Directions for this task - For this exercise, return only the lines in the records below from the one holding "研究成果エキシビジョンに参加" through the one holding "Remove cover (Fig.9", including both, exactly as they appear and without pictures.

Entries provided -
○ ○ ○ ○
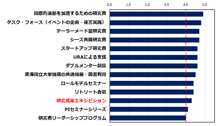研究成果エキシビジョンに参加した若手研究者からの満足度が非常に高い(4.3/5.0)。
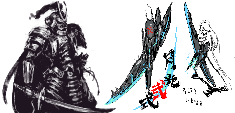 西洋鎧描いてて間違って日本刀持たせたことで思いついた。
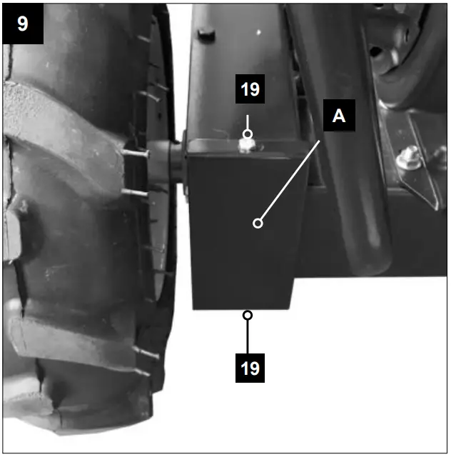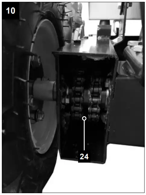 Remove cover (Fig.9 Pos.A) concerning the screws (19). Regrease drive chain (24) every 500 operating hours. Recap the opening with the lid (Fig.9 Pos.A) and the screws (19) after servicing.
○ ○ ○ ○
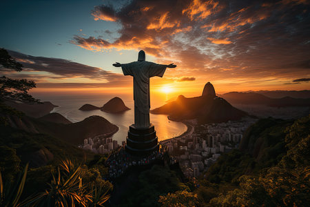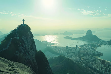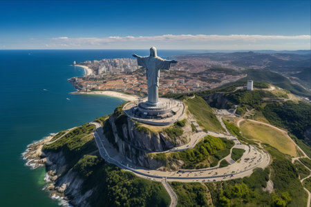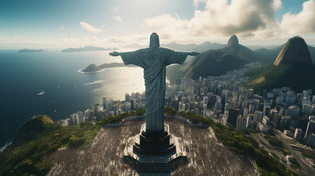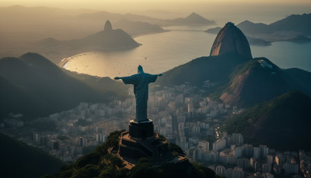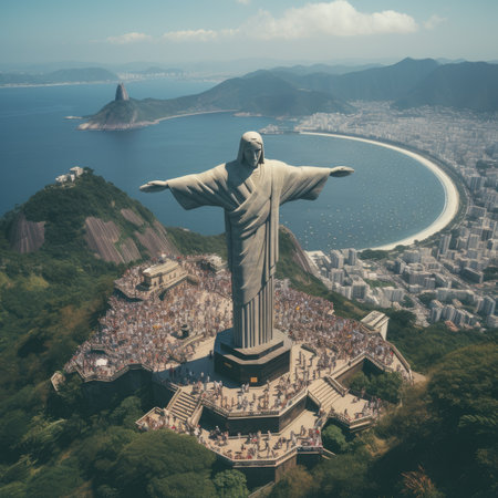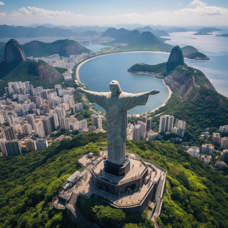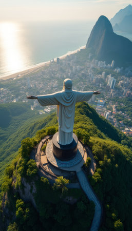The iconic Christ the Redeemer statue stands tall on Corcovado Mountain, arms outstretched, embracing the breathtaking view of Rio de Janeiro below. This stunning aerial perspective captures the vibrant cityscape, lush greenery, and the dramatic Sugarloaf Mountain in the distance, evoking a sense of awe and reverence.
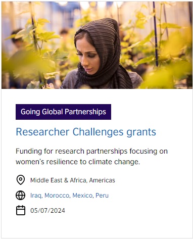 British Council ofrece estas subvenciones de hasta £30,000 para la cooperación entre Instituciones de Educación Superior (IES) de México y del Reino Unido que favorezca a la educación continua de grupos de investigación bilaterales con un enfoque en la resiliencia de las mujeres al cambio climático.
○ ○ ○ ○
Output for this task -
研究成果エキシビジョンに参加した若手研究者からの満足度が非常に高い(4.3/5.0)。
 西洋鎧描いてて間違って日本刀持たせたことで思いついた。
 Remove cover (Fig.9 Pos.A) concerning the screws (19). Regrease drive chain (24) every 500 operating hours. Recap the opening with the lid (Fig.9 Pos.A) and the screws (19) after servicing.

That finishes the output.